ROME.- Among latest acquisitions,
Ottocento Art Gallery offers a masterpiece by Trieste painter Bruno Croatto ( 1875 1948 ) which embodied his passion for Oriental culture and his symbols.
The quality of light and the extraordinary definition of the details are the most surprising aspects of the still lives produced by Croatto in the 1920s and 1930s. Criticism has highlighted his verism, the point of arrival of a gradual evolution, meditated through frequent travel and the study of Italian Renaissance painting, which led him to a sort of modern pictorial classicism (Firmiani, 1976).
The clarity of the sign, the sharpness of the colors, the plastic force of the objects induces the Triestine master to express pure naturalism, a meticulous attention to the real figure. The sense of finitude, vivid in the bodily evidence of brilliant, almost enamelled figures, characterizes the last works and shows an artistic evolution that is accomplished in the maturation of his feelings.

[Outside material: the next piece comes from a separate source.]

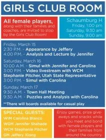 Elementary Chess Championships (Nashville, May 10-13) with special guests WIM Carolina Blanco, WGM Katerina Nemcova and WGM Jennifer Shahade.March 2019: Girls Club Room at the K-9 Chess Championships in Schaumburg, Illinois. Read a recap from Women Program Director Jennifer Shahade here.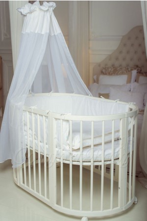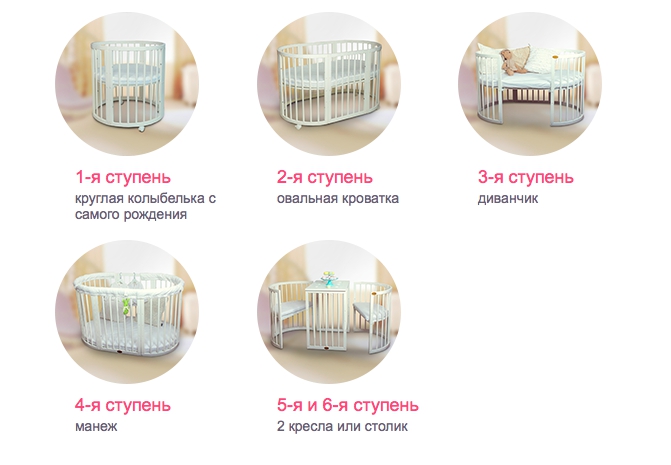 У кровати несколько трансформаций - сначала маленькая круглая люлька, которая занимает мало места и крайне симпатичная, потом кровать увеличивается, после того, как ребенок вырос можно использовать как столик и 2 кресла. Есть еще одна трансформация с длинной кроватки до заявленных 9 лет, мы ее не брали, тк рассчитываем больше чем на одного ребенка и кровать будет переходить по наследству. Маятник так же можно взять допом, мы не стали. Еще плюс кроватки, что она на колесиках со стопорами, можно передвигать по комнате очень легко.

Precisely the essential traits of his palette are visible in this astonishing still life, in which it is evident the taste for the intrinsic qualities of different materials, specifically chosen for the characteristics of shine or transparency or sphericality, and his witty ability in the appropriate color matching, harmonious in dialogue established among the Buddha little sculpture, sometimes used by the painter as a marginal element in some paintings, and the sumptuous drape, real scenic backdrop of the entire composition.
An oriental motif that embodied by the Buddha sculpture, that is absolutely not casual, but which, on the contrary, is witness to the special interest of the Triestian painter for Oriental culture, a passion that led him to assemble a personal collection of Chinese objects, as Sibilia remembers: A magnificent artist: his studio is already, by itself, a milieu of art from the most strange and most original art of the Far East, from the rugs that cover the floor, the vases that animate the tables, the curious things populating the scans, paintings and prints that look a bit over all. It seems to be in Japan or China and if it were not his job and if this man was not all nervous and all verve looking a little Japanese because it was glabrous and dry the illusion would be complete».
This painting is published on the catalogue curated by D. Mugittu ( 2000, p. 194, n. 110 ). Croattos works are preserved in numerous European and American public and private collections, including the Revoltella Civic Museum in Trieste, the National Gallery of Modern Art in Rome and the Milan Modern Art Gallery.